Antiguas tribus japonesas deformaban deliberadamente sus cráneos

Explorando la práctica de deformación intencional de cráneos en las antiguas tribus japonesas: una mirada profunda a la identidad cultural y social a través de los restos óseos

Se llama atar cráneos y es una práctica que se daba en muchas partes del mundo: envolver fuertemente las cabezas de los niños pequeños para deformar sus cráneos. Es posible que incluso los neandertales se dedicaran a este bárbaro pasatiempo.

Las culturas centroamericanas son conocidas por sus cráneos “alienígenas”. Desde México hasta Nicaragua, los arqueólogos han excavado esqueletos en cementerios milenarios y han encontrado cráneos deformados artificialmente. Pero también en Europa, Asia y África han aparecido pruebas de la práctica de vendar cráneos. 

Este fenómeno cultural consistente en envolver firmemente la cabeza de los niños pequeños con tablones de madera o telas tampoco era inusual entre las antiguas tribus japonesas. Para averiguar más sobre él, los científicos se pusieron manos a la obra con imágenes en 2D y escaneados en 3D procedentes de varias excavaciones en la tribu Hirota, que vivió en la isla meridional japonesa de Tanegashima durante los periodos Yayoi y Kofun (del siglo III al VII d. C.).

Identidad de grupo y estatus social

No se encontraron grandes diferencias entre hombres y mujeres en la forma en que los miembros de la tribu Hirota realizaban la deformación artificial del cráneo. En ambos sexos, el cráneo se modificaba deliberadamente, atando la cabeza a una edad temprana. Los científicos creen que con esta práctica se pretendía indicar que una persona pertenecía a un determinado grupo o tribu, o señalar un determinado estatus social. También se cree que beneficiaba al comercio de crustáceos a larga distancia.

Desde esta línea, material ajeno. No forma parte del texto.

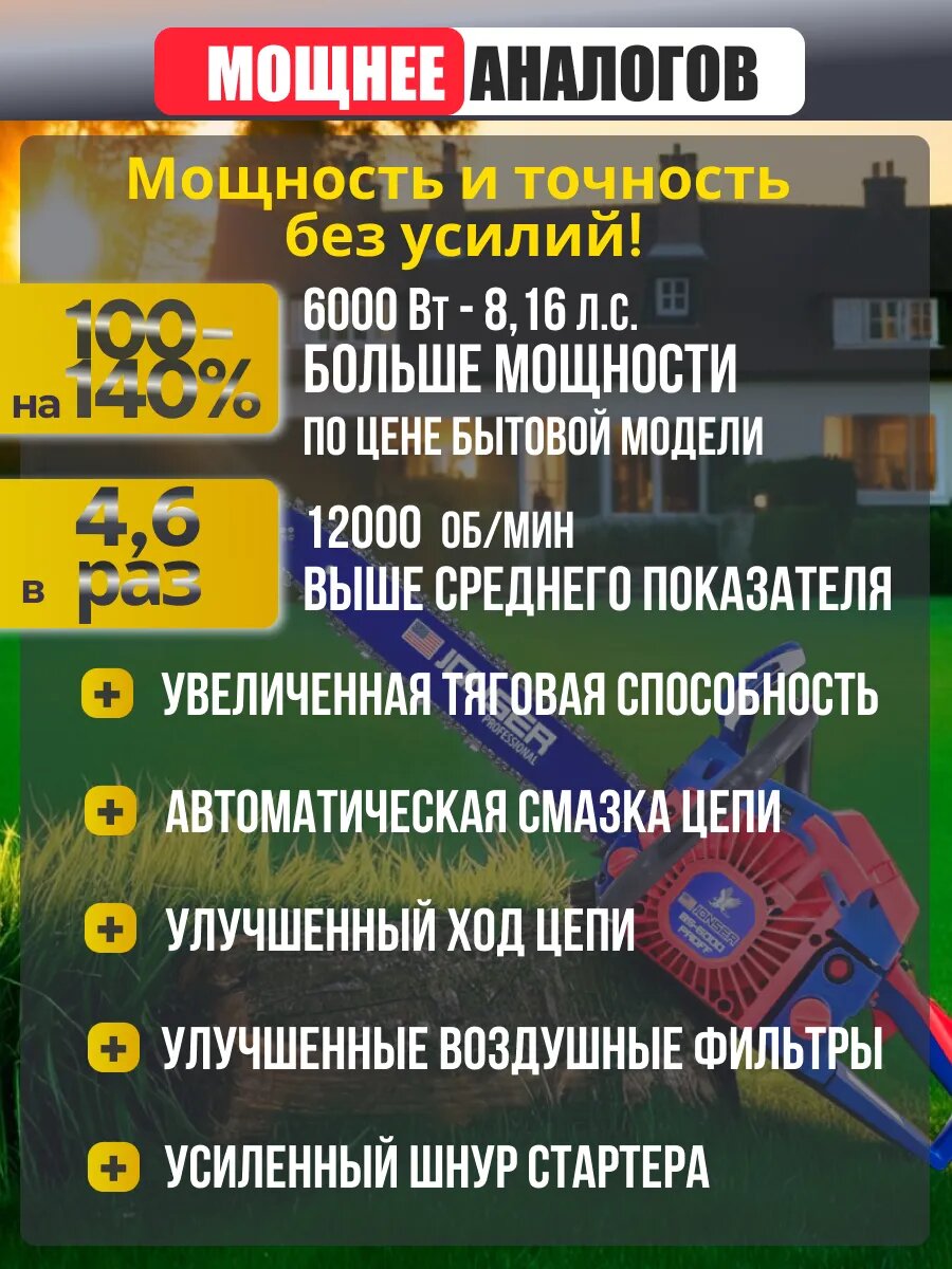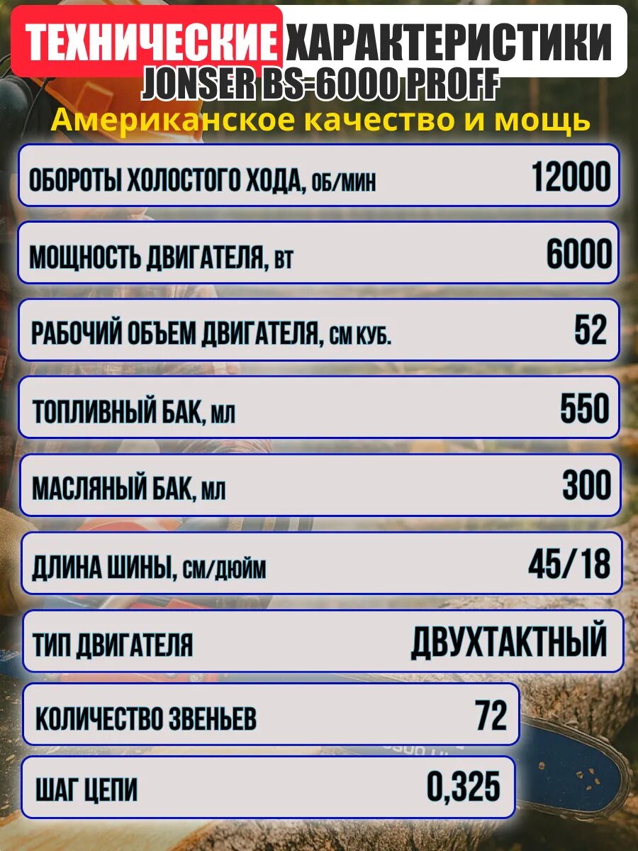 Купить Бензопила Jonser N_BS-6000 PROFF, 6000 Вт, 12000 об/мин, шина 45 см с доставкой по всей России. Бензопила Jonser N_BS-6000 PROFF, 6000 Вт, 12000 об/мин, шина 45 см: сравнение цен, характеристики, фото, актуальное наличие и цены.

Cabeza corta y espalda plana

Pero, ¿cómo eran exactamente esas cabezas una vez atadas? La investigadora principal, Noriko Seguchi, de la Universidad japonesa de Kyushu, lo explica: “El yacimiento de Hirota se excavó entre 1957 y 1959, y de nuevo en 2005 y 2006. En la década de 1950 se encontraron restos de personas con deformidades craneales que tenían la cabeza corta y la parte posterior del cráneo plana. En concreto, el hueso occipital y las partes posteriores de los huesos de la pared eran muy diferentes de lo normal”.

El yacimiento es ideal para estudiar el fenómeno, pero no se pudo establecer con certeza que estas modificaciones del cráneo fueran intencionadas y no simplemente el resultado no intencionado de otras costumbres. Seguchi y su equipo quisieron resolver este misterio de una vez por todas y adoptaron un enfoque híbrido. 

Analizaron los restos de los cráneos, combinando imágenes en 2D y escaneados en 3D con datos de cráneos de otros yacimientos arqueológicos de Japón, como los de la tribu yayoi de Doigahama, en Yamaguchi occidental, y la tribu jomon de la isla de Kyushu, que eran cazadores-recolectores y antecesores de la tribu yayoi. Los investigadores hicieron un análisis estadístico con todos estos datos, tras el cual obtuvieron una imagen precisa de los contornos y formas de los cráneos y las diferencias entre ellos.

Se hizo a propósito

“Llegamos a la conclusión de que existen claras diferencias en la estructura, la forma y el tamaño del cráneo entre el pueblo Hirota y los pueblos Jomon y Doigahama Yayoi”, afirma Seguchi. “Lo más probable es que la distorsión del cráneo se hiciera a propósito. Esto puede verse en la parte posterior plana del cráneo, causada por un hueso occipital deformado. Pero la hendidura de las partes del cráneo que conectan los huesos también demuestra que se hizo a propósito”.

Sigue sin estar claro qué motivó esta práctica primitiva, que en algunos casos entrañaba riesgos para la salud. Pero parece que los Hirota querían reforzar así la identidad del grupo. En el yacimiento arqueológico también se han encontrado pruebas adicionales de que el vendado de cráneos habría mejorado el comercio a larga distancia de crustáceos. “Ahora entendemos mucho mejor el fenómeno de la modificación artificial del cráneo y las razones por las que se practicaba en las sociedades antiguas”, concluye Seguchi. “Esperamos que se lleven a cabo investigaciones de seguimiento en la región, que aporten datos aún más importantes desde el punto de vista social y cultural sobre esta práctica en Asia Oriental y en otras partes del mundo”.